Task statement> Retype all of the data word for word, without pictures.

Data provided>
- - -
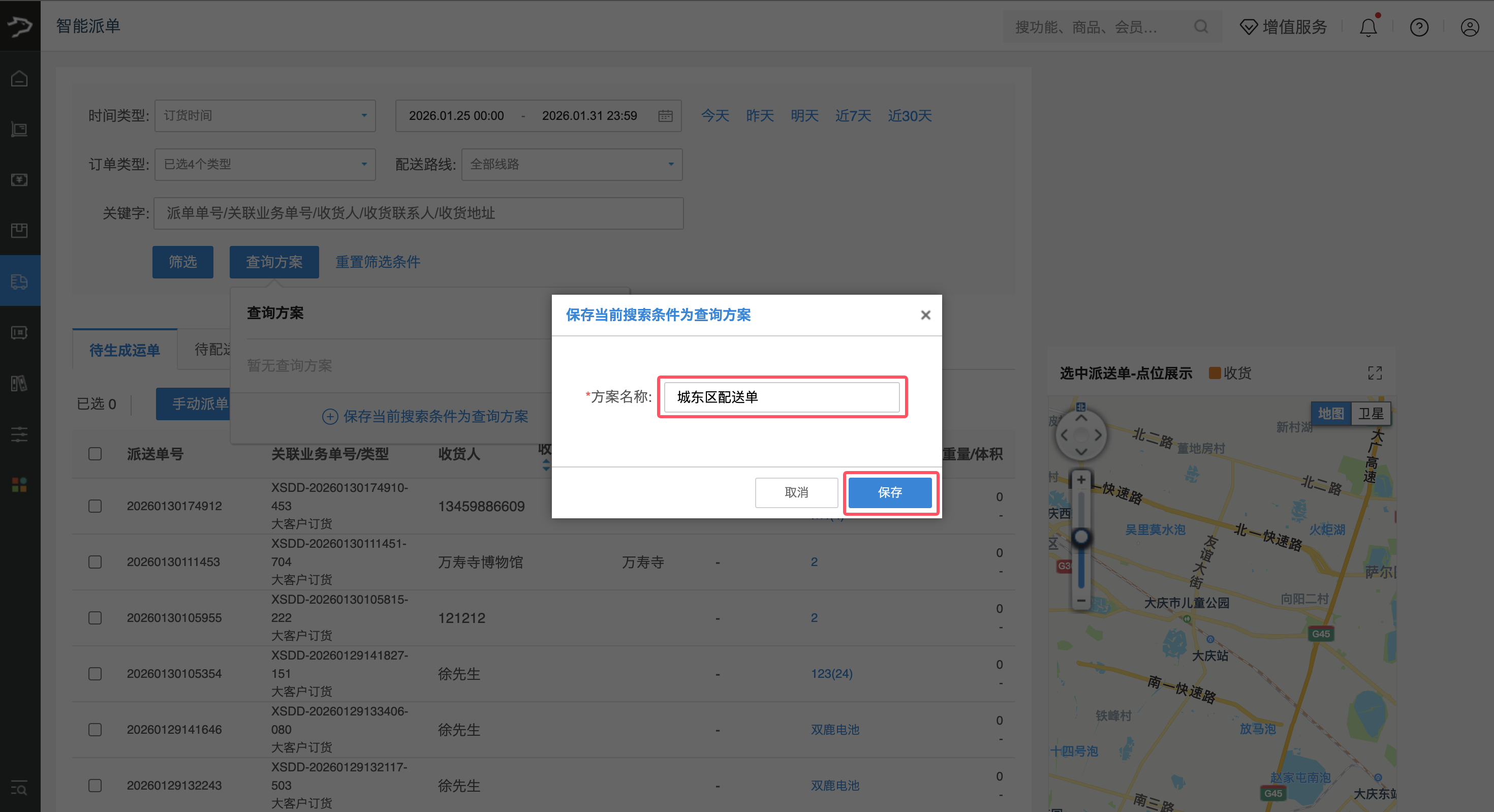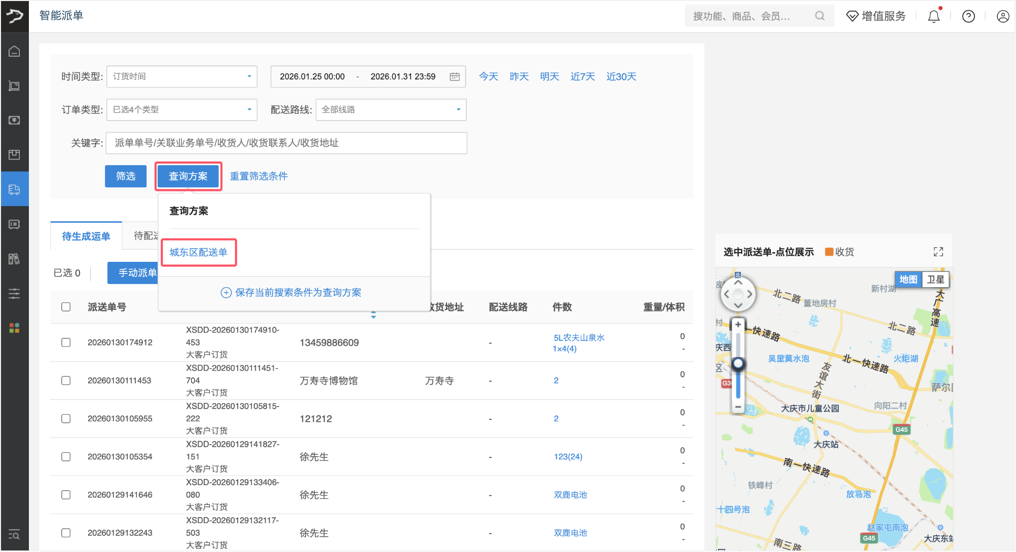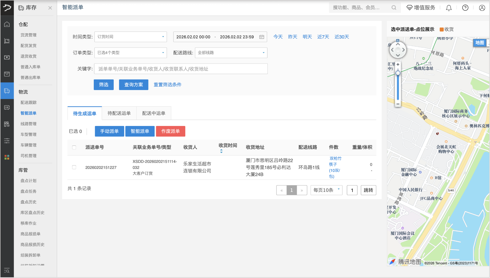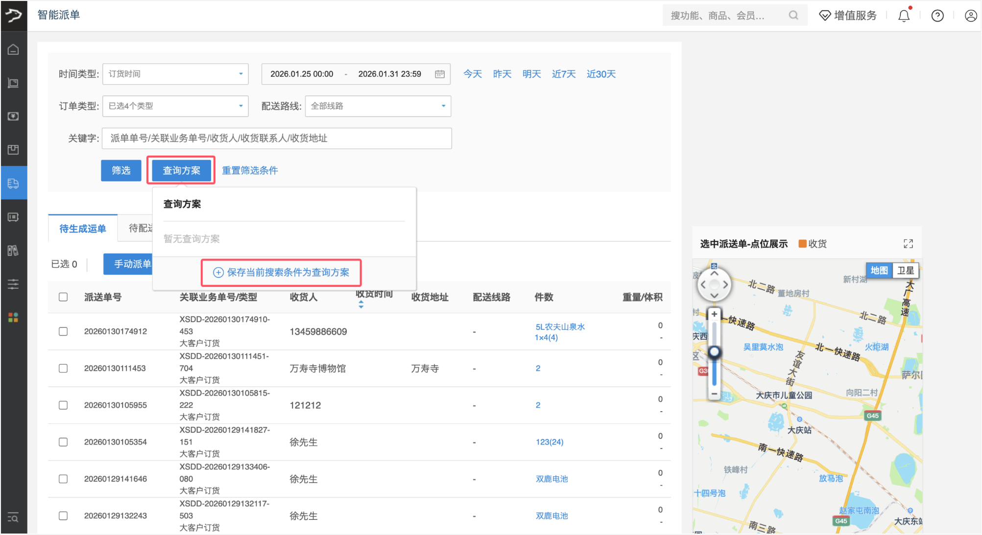 1、进入「智能派单」页面,可通过配置时间范围、订单类型、配送路线等筛选条件,或输入派单单号、关联业务单号、收货人等关键字,点击【筛选】按钮,查询符合条件的运单。
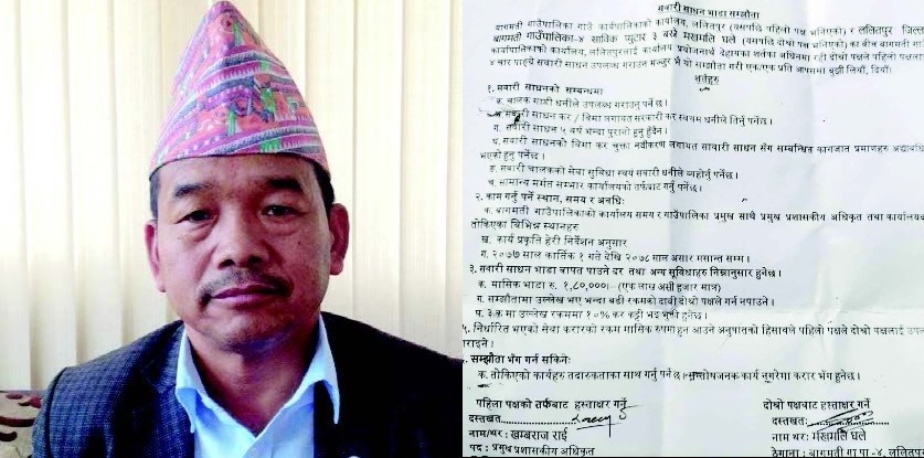 आफ्नै गाडी भाडामा दिएर आफैं चढ्ने गाउँपालिका अध्यक्ष, मासिक भाडा १ लाख ८० हजार !
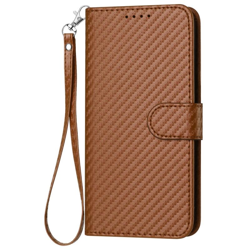 iPhone 15 Pro Max Premium Portemonnee Hoesje met Riem - Koolstofvezel Textuur - Koolstofkoffie
- - -
Answer below>
 1、进入「智能派单」页面,可通过配置时间范围、订单类型、配送路线等筛选条件,或输入派单单号、关联业务单号、收货人等关键字,点击【筛选】按钮,查询符合条件的运单。
 आफ्नै गाडी भाडामा दिएर आफैं चढ्ने गाउँपालिका अध्यक्ष, मासिक भाडा १ लाख ८० हजार !
 iPhone 15 Pro Max Premium Portemonnee Hoesje met Riem - Koolstofvezel Textuur - Koolstofkoffie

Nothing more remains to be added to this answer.